PROBLEM TO SOLVE » Output the listing exactly as written, apart from its pictures.

INPUT DATA »
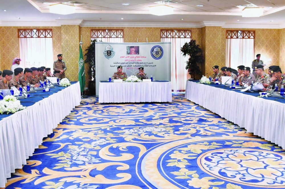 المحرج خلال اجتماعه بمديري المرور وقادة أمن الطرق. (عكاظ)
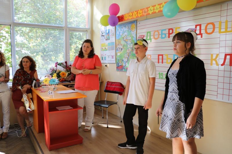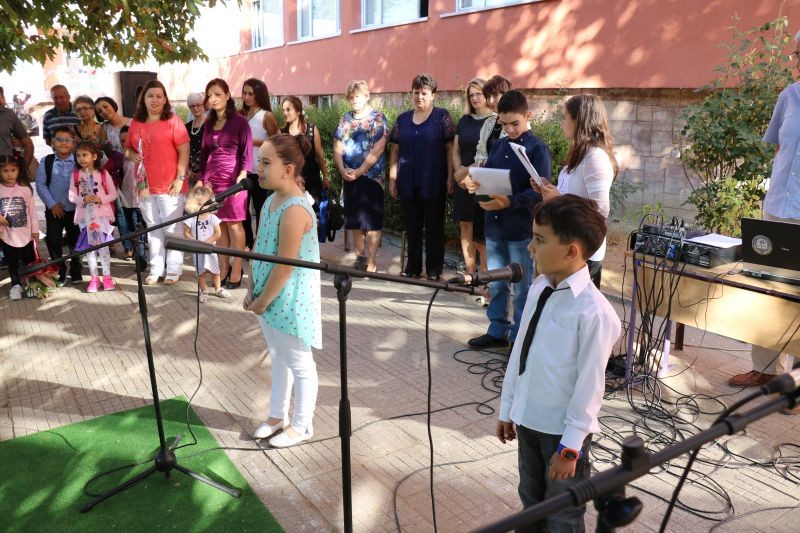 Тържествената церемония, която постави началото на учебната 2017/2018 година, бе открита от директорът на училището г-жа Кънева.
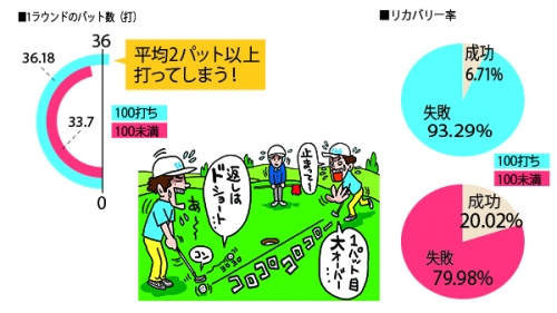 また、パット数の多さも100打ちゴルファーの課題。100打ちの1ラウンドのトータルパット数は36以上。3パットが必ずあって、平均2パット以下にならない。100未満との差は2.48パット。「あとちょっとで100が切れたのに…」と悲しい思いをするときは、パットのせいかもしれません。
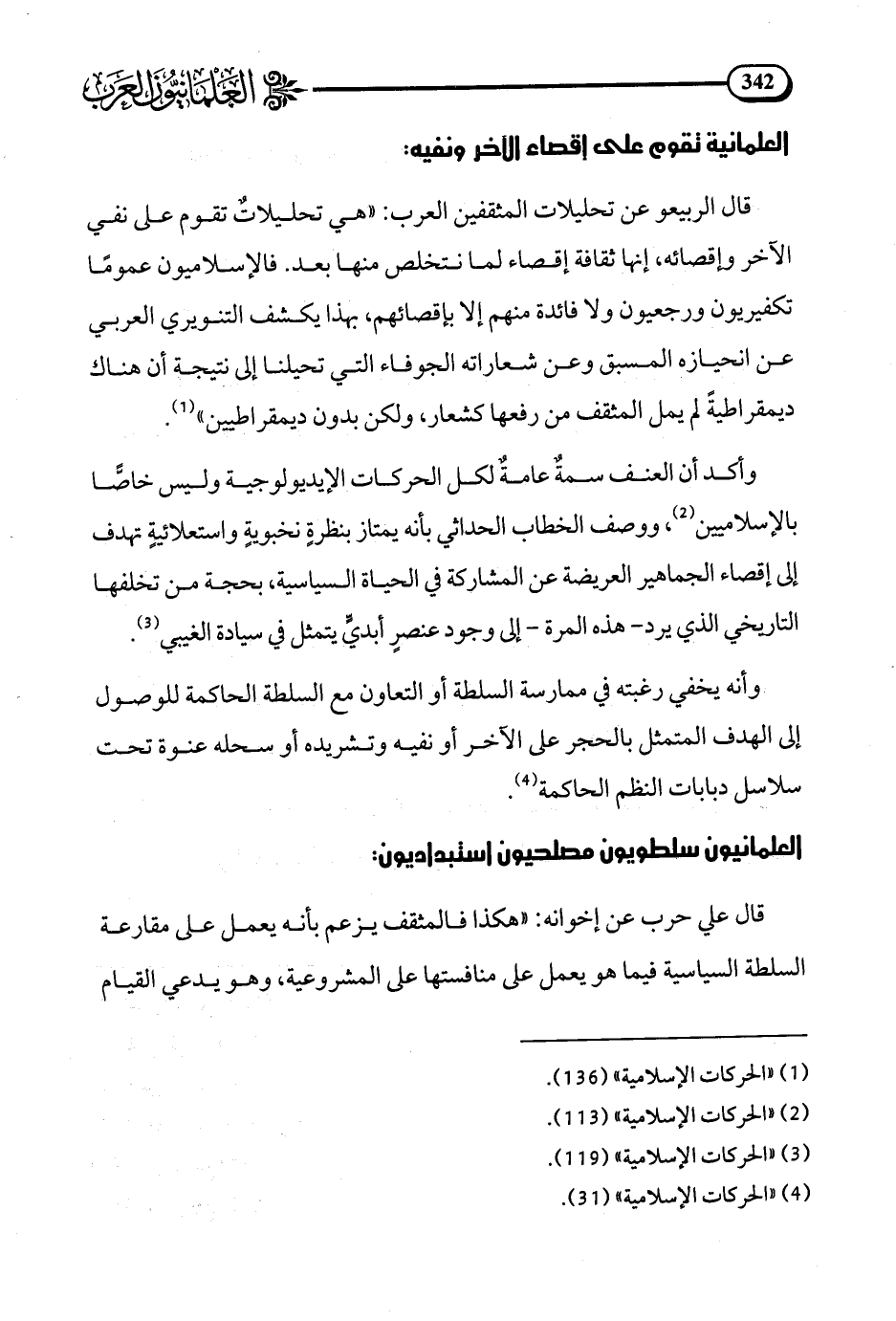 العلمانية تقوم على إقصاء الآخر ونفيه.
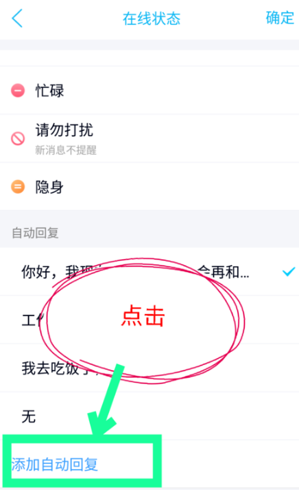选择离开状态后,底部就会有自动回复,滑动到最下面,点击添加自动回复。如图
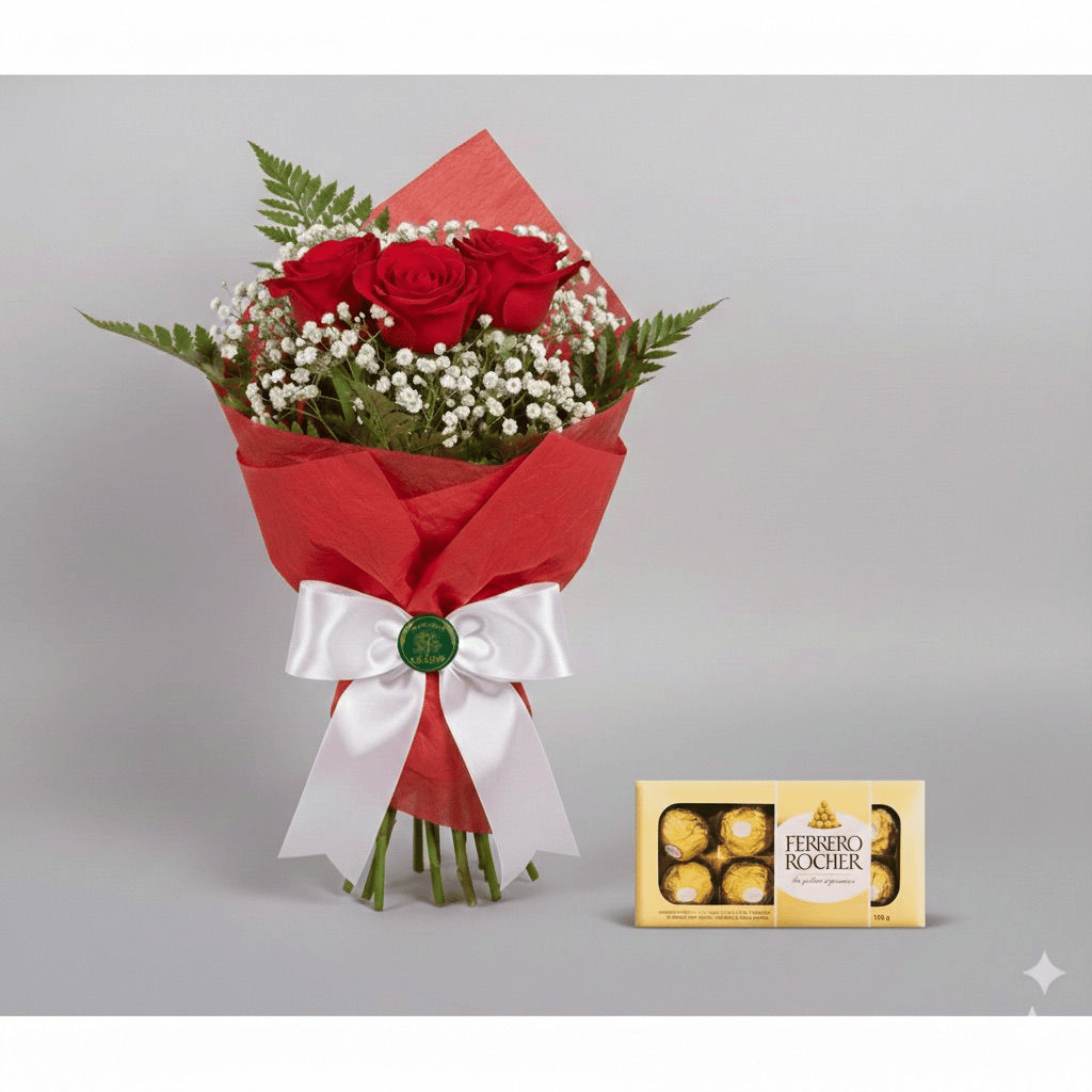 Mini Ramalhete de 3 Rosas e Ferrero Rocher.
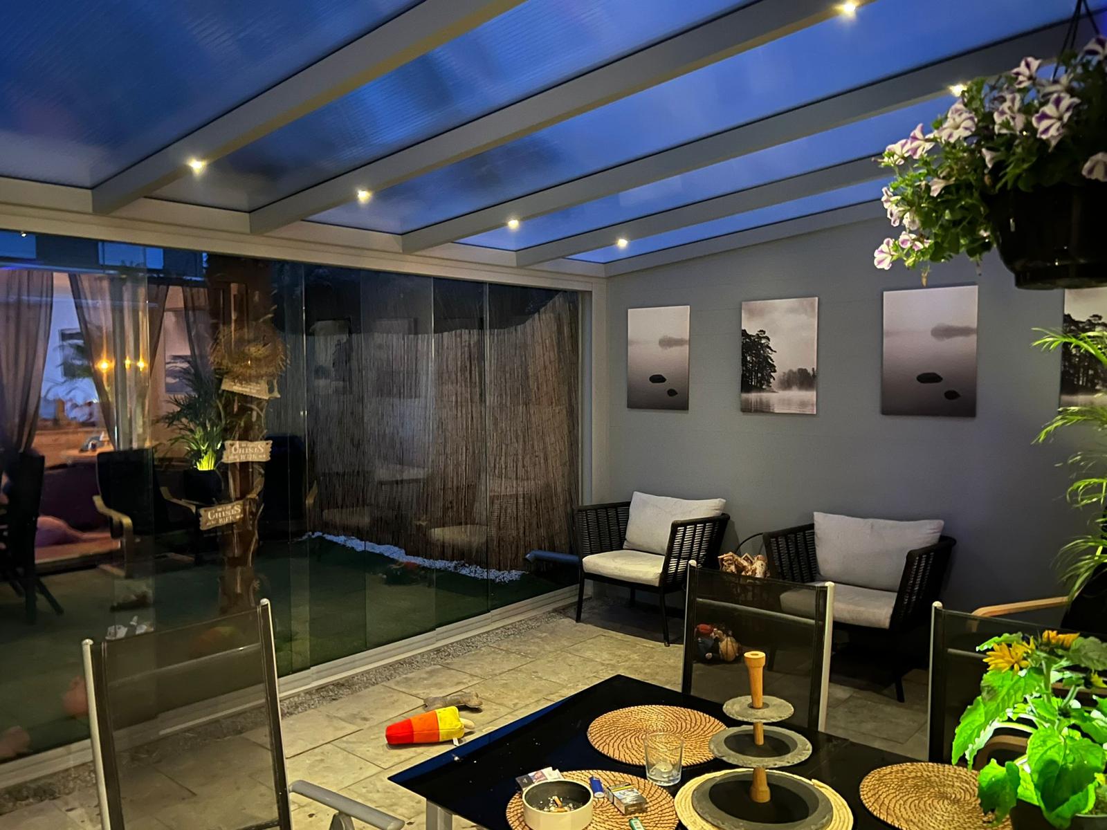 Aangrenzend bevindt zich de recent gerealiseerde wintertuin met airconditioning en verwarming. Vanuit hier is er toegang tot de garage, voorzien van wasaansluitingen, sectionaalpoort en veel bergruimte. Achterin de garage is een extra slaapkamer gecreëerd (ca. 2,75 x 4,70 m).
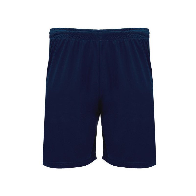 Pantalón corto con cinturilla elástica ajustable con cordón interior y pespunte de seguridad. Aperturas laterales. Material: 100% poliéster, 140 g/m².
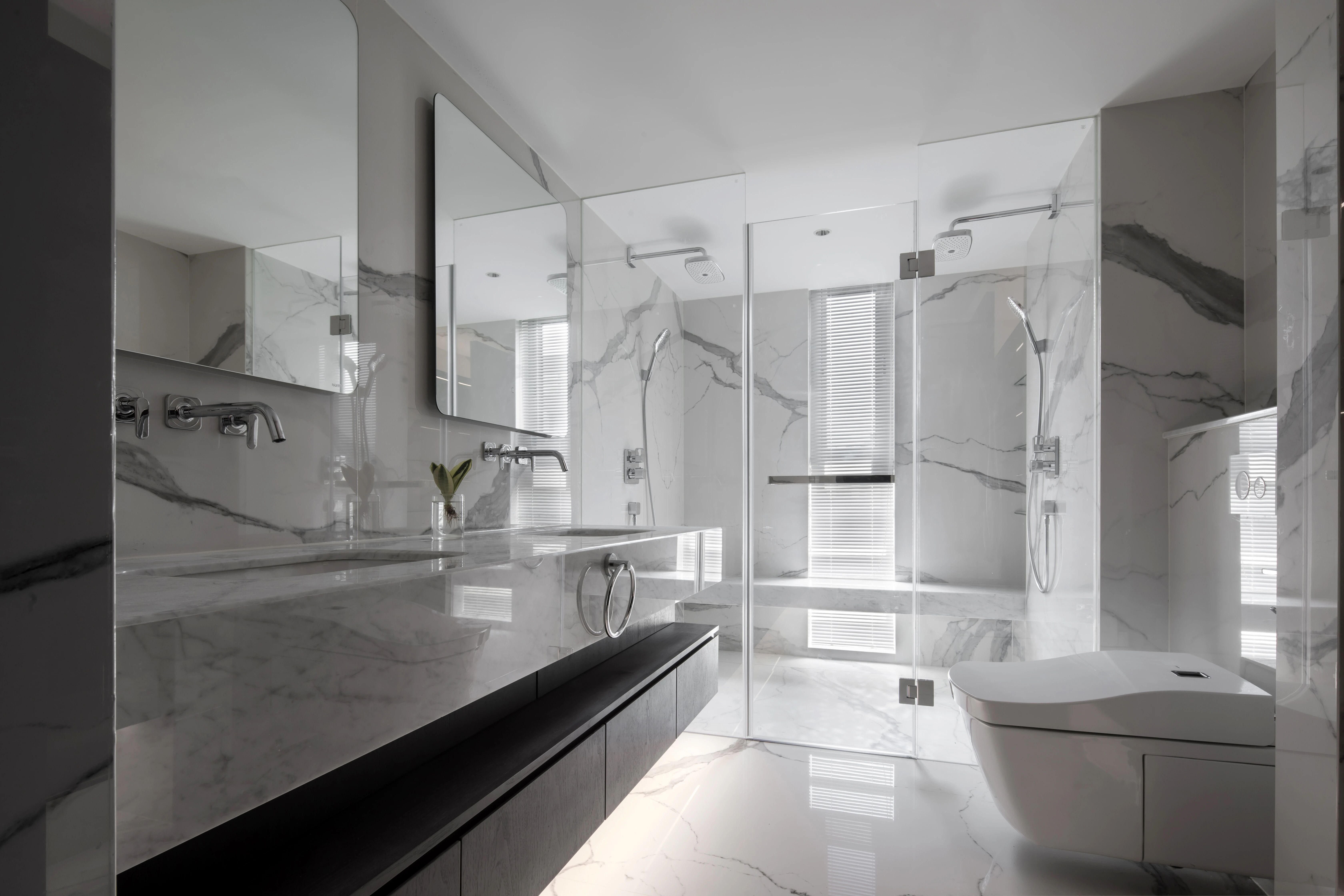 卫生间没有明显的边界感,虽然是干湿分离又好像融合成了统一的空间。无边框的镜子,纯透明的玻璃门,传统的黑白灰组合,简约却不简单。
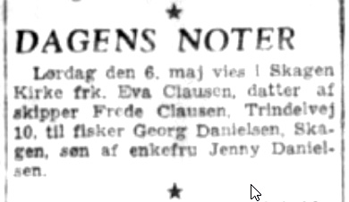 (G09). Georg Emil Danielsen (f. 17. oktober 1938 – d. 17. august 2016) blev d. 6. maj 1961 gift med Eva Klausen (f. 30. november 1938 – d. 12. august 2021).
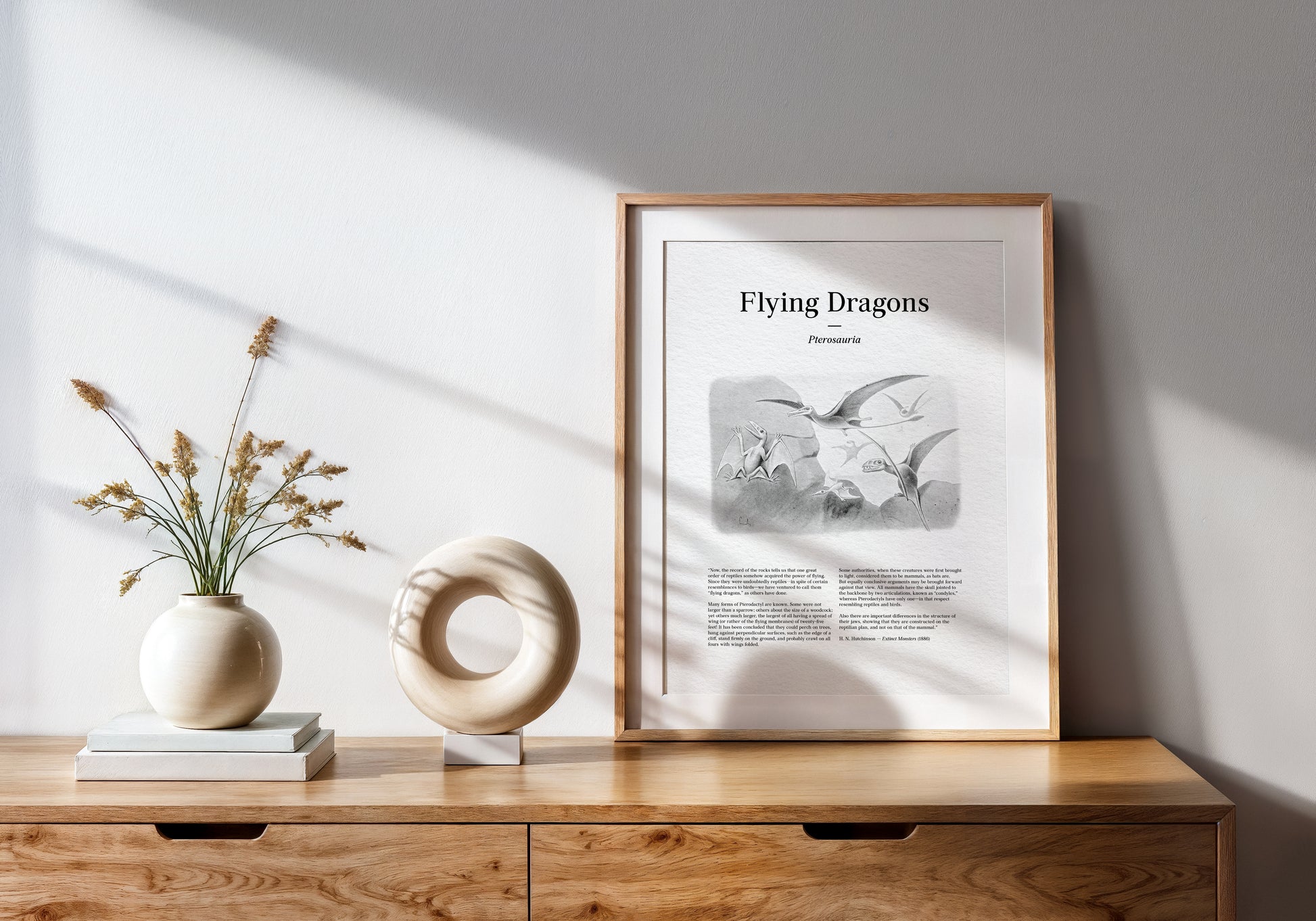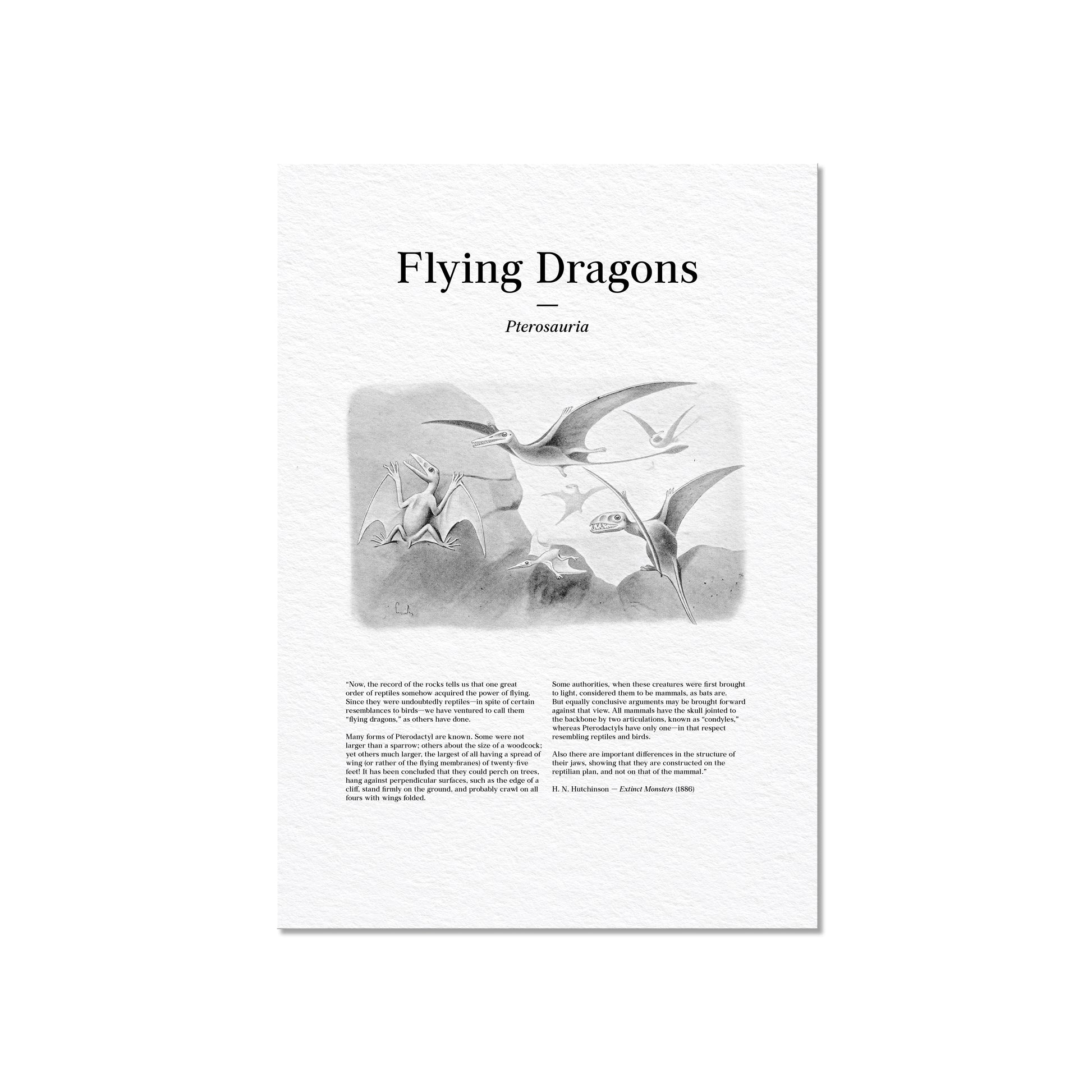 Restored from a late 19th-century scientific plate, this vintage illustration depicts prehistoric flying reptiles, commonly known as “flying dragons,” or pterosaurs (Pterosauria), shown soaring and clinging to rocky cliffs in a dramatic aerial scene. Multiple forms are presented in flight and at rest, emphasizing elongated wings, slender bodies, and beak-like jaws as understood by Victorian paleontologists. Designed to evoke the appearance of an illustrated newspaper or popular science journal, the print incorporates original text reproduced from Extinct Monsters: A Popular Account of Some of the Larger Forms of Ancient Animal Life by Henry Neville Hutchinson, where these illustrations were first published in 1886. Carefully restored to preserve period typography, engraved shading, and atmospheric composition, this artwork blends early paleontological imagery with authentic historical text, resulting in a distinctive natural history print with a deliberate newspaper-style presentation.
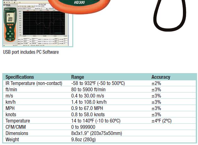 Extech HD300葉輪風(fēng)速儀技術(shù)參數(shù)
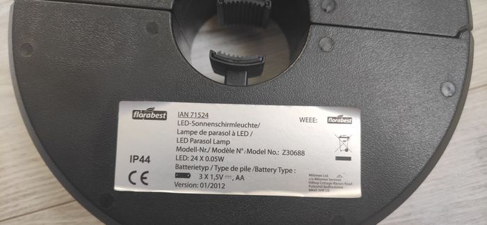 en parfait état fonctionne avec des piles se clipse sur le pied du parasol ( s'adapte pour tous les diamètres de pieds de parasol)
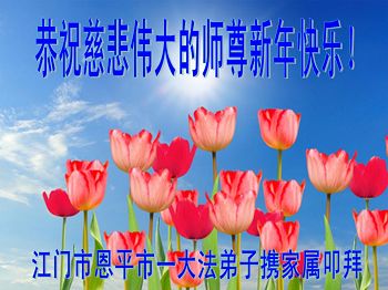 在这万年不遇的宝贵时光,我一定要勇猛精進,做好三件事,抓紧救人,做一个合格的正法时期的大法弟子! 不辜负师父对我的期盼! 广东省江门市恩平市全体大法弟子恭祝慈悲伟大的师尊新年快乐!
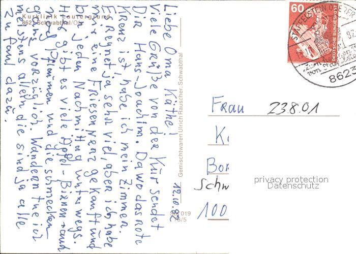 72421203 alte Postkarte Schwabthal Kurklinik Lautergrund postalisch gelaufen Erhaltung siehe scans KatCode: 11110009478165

SOLUTION »
 المحرج خلال اجتماعه بمديري المرور وقادة أمن الطرق. (عكاظ)
 Тържествената церемония, която постави началото на учебната 2017/2018 година, бе открита от директорът на училището г-жа Кънева.
 また、パット数の多さも100打ちゴルファーの課題。100打ちの1ラウンドのトータルパット数は36以上。3パットが必ずあって、平均2パット以下にならない。100未満との差は2.48パット。「あとちょっとで100が切れたのに…」と悲しい思いをするときは、パットのせいかもしれません。
 العلمانية تقوم على إقصاء الآخر ونفيه.
选择离开状态后,底部就会有自动回复,滑动到最下面,点击添加自动回复。如图
 Mini Ramalhete de 3 Rosas e Ferrero Rocher.
 Aangrenzend bevindt zich de recent gerealiseerde wintertuin met airconditioning en verwarming. Vanuit hier is er toegang tot de garage, voorzien van wasaansluitingen, sectionaalpoort en veel bergruimte. Achterin de garage is een extra slaapkamer gecreëerd (ca. 2,75 x 4,70 m).
 Pantalón corto con cinturilla elástica ajustable con cordón interior y pespunte de seguridad. Aperturas laterales. Material: 100% poliéster, 140 g/m².
 卫生间没有明显的边界感,虽然是干湿分离又好像融合成了统一的空间。无边框的镜子,纯透明的玻璃门,传统的黑白灰组合,简约却不简单。
 (G09). Georg Emil Danielsen (f. 17. oktober 1938 – d. 17. august 2016) blev d. 6. maj 1961 gift med Eva Klausen (f. 30. november 1938 – d. 12. august 2021).
 Restored from a late 19th-century scientific plate, this vintage illustration depicts prehistoric flying reptiles, commonly known as “flying dragons,” or pterosaurs (Pterosauria), shown soaring and clinging to rocky cliffs in a dramatic aerial scene. Multiple forms are presented in flight and at rest, emphasizing elongated wings, slender bodies, and beak-like jaws as understood by Victorian paleontologists. Designed to evoke the appearance of an illustrated newspaper or popular science journal, the print incorporates original text reproduced from Extinct Monsters: A Popular Account of Some of the Larger Forms of Ancient Animal Life by Henry Neville Hutchinson, where these illustrations were first published in 1886. Carefully restored to preserve period typography, engraved shading, and atmospheric composition, this artwork blends early paleontological imagery with authentic historical text, resulting in a distinctive natural history print with a deliberate newspaper-style presentation.
 Extech HD300葉輪風(fēng)速儀技術(shù)參數(shù)
 en parfait état fonctionne avec des piles se clipse sur le pied du parasol ( s'adapte pour tous les diamètres de pieds de parasol)
 在这万年不遇的宝贵时光,我一定要勇猛精進,做好三件事,抓紧救人,做一个合格的正法时期的大法弟子! 不辜负师父对我的期盼! 广东省江门市恩平市全体大法弟子恭祝慈悲伟大的师尊新年快乐!
 72421203 alte Postkarte Schwabthal Kurklinik Lautergrund postalisch gelaufen Erhaltung siehe scans KatCode: 11110009478165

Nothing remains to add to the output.